Supplied data
----
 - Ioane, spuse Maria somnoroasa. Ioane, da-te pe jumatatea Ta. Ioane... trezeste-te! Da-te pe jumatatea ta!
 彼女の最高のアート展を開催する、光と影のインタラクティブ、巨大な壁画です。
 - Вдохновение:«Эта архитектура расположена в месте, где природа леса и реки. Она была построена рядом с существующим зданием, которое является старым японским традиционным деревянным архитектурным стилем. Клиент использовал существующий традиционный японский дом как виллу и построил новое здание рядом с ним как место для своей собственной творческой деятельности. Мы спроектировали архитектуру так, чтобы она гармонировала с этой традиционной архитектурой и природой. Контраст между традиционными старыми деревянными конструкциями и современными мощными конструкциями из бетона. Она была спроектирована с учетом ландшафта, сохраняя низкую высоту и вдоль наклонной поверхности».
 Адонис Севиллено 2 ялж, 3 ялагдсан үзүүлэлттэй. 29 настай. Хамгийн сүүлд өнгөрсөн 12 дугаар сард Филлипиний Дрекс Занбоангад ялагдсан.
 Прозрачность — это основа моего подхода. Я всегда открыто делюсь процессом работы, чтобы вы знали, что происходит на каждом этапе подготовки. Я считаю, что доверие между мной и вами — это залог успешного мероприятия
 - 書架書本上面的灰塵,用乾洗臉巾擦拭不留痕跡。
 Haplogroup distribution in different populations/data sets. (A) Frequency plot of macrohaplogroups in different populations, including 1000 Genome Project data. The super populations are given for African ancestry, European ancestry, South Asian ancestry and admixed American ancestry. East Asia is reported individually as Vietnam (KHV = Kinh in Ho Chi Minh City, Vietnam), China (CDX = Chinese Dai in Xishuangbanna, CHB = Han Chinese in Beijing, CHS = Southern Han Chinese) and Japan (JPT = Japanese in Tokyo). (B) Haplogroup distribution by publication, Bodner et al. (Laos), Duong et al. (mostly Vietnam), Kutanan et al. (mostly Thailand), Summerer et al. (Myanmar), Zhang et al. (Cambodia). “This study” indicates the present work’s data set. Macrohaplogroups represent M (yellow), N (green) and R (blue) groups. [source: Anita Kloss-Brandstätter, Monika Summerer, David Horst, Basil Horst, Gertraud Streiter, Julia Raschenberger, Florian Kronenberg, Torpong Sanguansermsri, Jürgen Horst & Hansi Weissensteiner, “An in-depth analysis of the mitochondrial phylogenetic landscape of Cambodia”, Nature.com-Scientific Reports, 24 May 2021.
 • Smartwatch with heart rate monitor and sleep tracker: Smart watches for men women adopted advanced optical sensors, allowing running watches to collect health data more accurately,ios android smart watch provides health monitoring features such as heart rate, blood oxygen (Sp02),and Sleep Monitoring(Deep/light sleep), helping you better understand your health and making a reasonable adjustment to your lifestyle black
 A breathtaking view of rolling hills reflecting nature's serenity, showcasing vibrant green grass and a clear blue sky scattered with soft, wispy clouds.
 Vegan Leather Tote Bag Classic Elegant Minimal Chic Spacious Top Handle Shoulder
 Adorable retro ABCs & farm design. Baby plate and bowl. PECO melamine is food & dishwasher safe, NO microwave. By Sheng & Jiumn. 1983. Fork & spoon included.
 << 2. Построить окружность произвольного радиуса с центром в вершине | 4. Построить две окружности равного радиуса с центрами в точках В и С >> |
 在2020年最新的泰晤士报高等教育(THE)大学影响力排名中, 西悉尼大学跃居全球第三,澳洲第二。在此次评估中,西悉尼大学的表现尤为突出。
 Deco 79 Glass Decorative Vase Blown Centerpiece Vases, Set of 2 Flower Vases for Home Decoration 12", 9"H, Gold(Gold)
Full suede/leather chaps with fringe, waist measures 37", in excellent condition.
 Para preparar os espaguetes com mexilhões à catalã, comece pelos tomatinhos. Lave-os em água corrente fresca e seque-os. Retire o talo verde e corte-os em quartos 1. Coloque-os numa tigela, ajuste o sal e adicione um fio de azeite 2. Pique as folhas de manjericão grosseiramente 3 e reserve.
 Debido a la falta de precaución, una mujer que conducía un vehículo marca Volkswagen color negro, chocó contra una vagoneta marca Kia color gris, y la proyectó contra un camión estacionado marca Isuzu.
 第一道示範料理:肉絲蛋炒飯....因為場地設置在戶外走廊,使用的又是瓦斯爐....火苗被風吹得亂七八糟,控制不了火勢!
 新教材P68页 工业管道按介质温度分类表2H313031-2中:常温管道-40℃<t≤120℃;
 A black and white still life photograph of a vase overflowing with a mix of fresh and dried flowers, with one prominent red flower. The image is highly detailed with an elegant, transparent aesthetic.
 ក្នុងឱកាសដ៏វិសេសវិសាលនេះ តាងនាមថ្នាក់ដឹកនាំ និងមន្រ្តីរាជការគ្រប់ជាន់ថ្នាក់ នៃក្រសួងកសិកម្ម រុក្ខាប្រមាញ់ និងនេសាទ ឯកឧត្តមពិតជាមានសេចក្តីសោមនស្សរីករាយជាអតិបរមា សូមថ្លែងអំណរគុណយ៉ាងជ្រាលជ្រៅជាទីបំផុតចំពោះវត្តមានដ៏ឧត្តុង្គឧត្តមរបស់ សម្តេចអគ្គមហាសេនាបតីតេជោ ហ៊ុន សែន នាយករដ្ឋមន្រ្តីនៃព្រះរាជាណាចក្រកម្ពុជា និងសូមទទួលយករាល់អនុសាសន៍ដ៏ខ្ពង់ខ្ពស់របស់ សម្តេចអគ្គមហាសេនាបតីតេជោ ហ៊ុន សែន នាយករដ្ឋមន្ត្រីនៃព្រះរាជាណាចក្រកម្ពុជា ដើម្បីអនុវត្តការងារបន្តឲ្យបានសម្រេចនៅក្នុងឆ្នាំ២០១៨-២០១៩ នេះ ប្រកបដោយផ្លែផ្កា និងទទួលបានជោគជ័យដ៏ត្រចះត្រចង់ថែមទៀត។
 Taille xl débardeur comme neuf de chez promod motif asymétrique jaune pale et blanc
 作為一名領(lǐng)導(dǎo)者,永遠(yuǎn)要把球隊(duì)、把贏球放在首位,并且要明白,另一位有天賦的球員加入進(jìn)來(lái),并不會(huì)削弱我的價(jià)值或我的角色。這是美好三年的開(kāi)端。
----
When you reach the end of the data above, set it all down again unchanged.

The completed task
 - Ioane, spuse Maria somnoroasa. Ioane, da-te pe jumatatea Ta. Ioane... trezeste-te! Da-te pe jumatatea ta!
 彼女の最高のアート展を開催する、光と影のインタラクティブ、巨大な壁画です。
 - Вдохновение:«Эта архитектура расположена в месте, где природа леса и реки. Она была построена рядом с существующим зданием, которое является старым японским традиционным деревянным архитектурным стилем. Клиент использовал существующий традиционный японский дом как виллу и построил новое здание рядом с ним как место для своей собственной творческой деятельности. Мы спроектировали архитектуру так, чтобы она гармонировала с этой традиционной архитектурой и природой. Контраст между традиционными старыми деревянными конструкциями и современными мощными конструкциями из бетона. Она была спроектирована с учетом ландшафта, сохраняя низкую высоту и вдоль наклонной поверхности».
 Адонис Севиллено 2 ялж, 3 ялагдсан үзүүлэлттэй. 29 настай. Хамгийн сүүлд өнгөрсөн 12 дугаар сард Филлипиний Дрекс Занбоангад ялагдсан.
 Прозрачность — это основа моего подхода. Я всегда открыто делюсь процессом работы, чтобы вы знали, что происходит на каждом этапе подготовки. Я считаю, что доверие между мной и вами — это залог успешного мероприятия
 - 書架書本上面的灰塵,用乾洗臉巾擦拭不留痕跡。
 Haplogroup distribution in different populations/data sets. (A) Frequency plot of macrohaplogroups in different populations, including 1000 Genome Project data. The super populations are given for African ancestry, European ancestry, South Asian ancestry and admixed American ancestry. East Asia is reported individually as Vietnam (KHV = Kinh in Ho Chi Minh City, Vietnam), China (CDX = Chinese Dai in Xishuangbanna, CHB = Han Chinese in Beijing, CHS = Southern Han Chinese) and Japan (JPT = Japanese in Tokyo). (B) Haplogroup distribution by publication, Bodner et al. (Laos), Duong et al. (mostly Vietnam), Kutanan et al. (mostly Thailand), Summerer et al. (Myanmar), Zhang et al. (Cambodia). “This study” indicates the present work’s data set. Macrohaplogroups represent M (yellow), N (green) and R (blue) groups. [source: Anita Kloss-Brandstätter, Monika Summerer, David Horst, Basil Horst, Gertraud Streiter, Julia Raschenberger, Florian Kronenberg, Torpong Sanguansermsri, Jürgen Horst & Hansi Weissensteiner, “An in-depth analysis of the mitochondrial phylogenetic landscape of Cambodia”, Nature.com-Scientific Reports, 24 May 2021.
 • Smartwatch with heart rate monitor and sleep tracker: Smart watches for men women adopted advanced optical sensors, allowing running watches to collect health data more accurately,ios android smart watch provides health monitoring features such as heart rate, blood oxygen (Sp02),and Sleep Monitoring(Deep/light sleep), helping you better understand your health and making a reasonable adjustment to your lifestyle black
 A breathtaking view of rolling hills reflecting nature's serenity, showcasing vibrant green grass and a clear blue sky scattered with soft, wispy clouds.
 Vegan Leather Tote Bag Classic Elegant Minimal Chic Spacious Top Handle Shoulder
 Adorable retro ABCs & farm design. Baby plate and bowl. PECO melamine is food & dishwasher safe, NO microwave. By Sheng & Jiumn. 1983. Fork & spoon included.
 << 2. Построить окружность произвольного радиуса с центром в вершине | 4. Построить две окружности равного радиуса с центрами в точках В и С >> |
 在2020年最新的泰晤士报高等教育(THE)大学影响力排名中, 西悉尼大学跃居全球第三,澳洲第二。在此次评估中,西悉尼大学的表现尤为突出。
 Deco 79 Glass Decorative Vase Blown Centerpiece Vases, Set of 2 Flower Vases for Home Decoration 12", 9"H, Gold(Gold)
Full suede/leather chaps with fringe, waist measures 37", in excellent condition.
 Para preparar os espaguetes com mexilhões à catalã, comece pelos tomatinhos. Lave-os em água corrente fresca e seque-os. Retire o talo verde e corte-os em quartos 1. Coloque-os numa tigela, ajuste o sal e adicione um fio de azeite 2. Pique as folhas de manjericão grosseiramente 3 e reserve.
 Debido a la falta de precaución, una mujer que conducía un vehículo marca Volkswagen color negro, chocó contra una vagoneta marca Kia color gris, y la proyectó contra un camión estacionado marca Isuzu.
 第一道示範料理:肉絲蛋炒飯....因為場地設置在戶外走廊,使用的又是瓦斯爐....火苗被風吹得亂七八糟,控制不了火勢!
 新教材P68页 工业管道按介质温度分类表2H313031-2中:常温管道-40℃<t≤120℃;
 A black and white still life photograph of a vase overflowing with a mix of fresh and dried flowers, with one prominent red flower. The image is highly detailed with an elegant, transparent aesthetic.
 ក្នុងឱកាសដ៏វិសេសវិសាលនេះ តាងនាមថ្នាក់ដឹកនាំ និងមន្រ្តីរាជការគ្រប់ជាន់ថ្នាក់ នៃក្រសួងកសិកម្ម រុក្ខាប្រមាញ់ និងនេសាទ ឯកឧត្តមពិតជាមានសេចក្តីសោមនស្សរីករាយជាអតិបរមា សូមថ្លែងអំណរគុណយ៉ាងជ្រាលជ្រៅជាទីបំផុតចំពោះវត្តមានដ៏ឧត្តុង្គឧត្តមរបស់ សម្តេចអគ្គមហាសេនាបតីតេជោ ហ៊ុន សែន នាយករដ្ឋមន្រ្តីនៃព្រះរាជាណាចក្រកម្ពុជា និងសូមទទួលយករាល់អនុសាសន៍ដ៏ខ្ពង់ខ្ពស់របស់ សម្តេចអគ្គមហាសេនាបតីតេជោ ហ៊ុន សែន នាយករដ្ឋមន្ត្រីនៃព្រះរាជាណាចក្រកម្ពុជា ដើម្បីអនុវត្តការងារបន្តឲ្យបានសម្រេចនៅក្នុងឆ្នាំ២០១៨-២០១៩ នេះ ប្រកបដោយផ្លែផ្កា និងទទួលបានជោគជ័យដ៏ត្រចះត្រចង់ថែមទៀត។
 Taille xl débardeur comme neuf de chez promod motif asymétrique jaune pale et blanc
 作為一名領(lǐng)導(dǎo)者,永遠(yuǎn)要把球隊(duì)、把贏球放在首位,并且要明白,另一位有天賦的球員加入進(jìn)來(lái),并不會(huì)削弱我的價(jià)值或我的角色。這是美好三年的開(kāi)端。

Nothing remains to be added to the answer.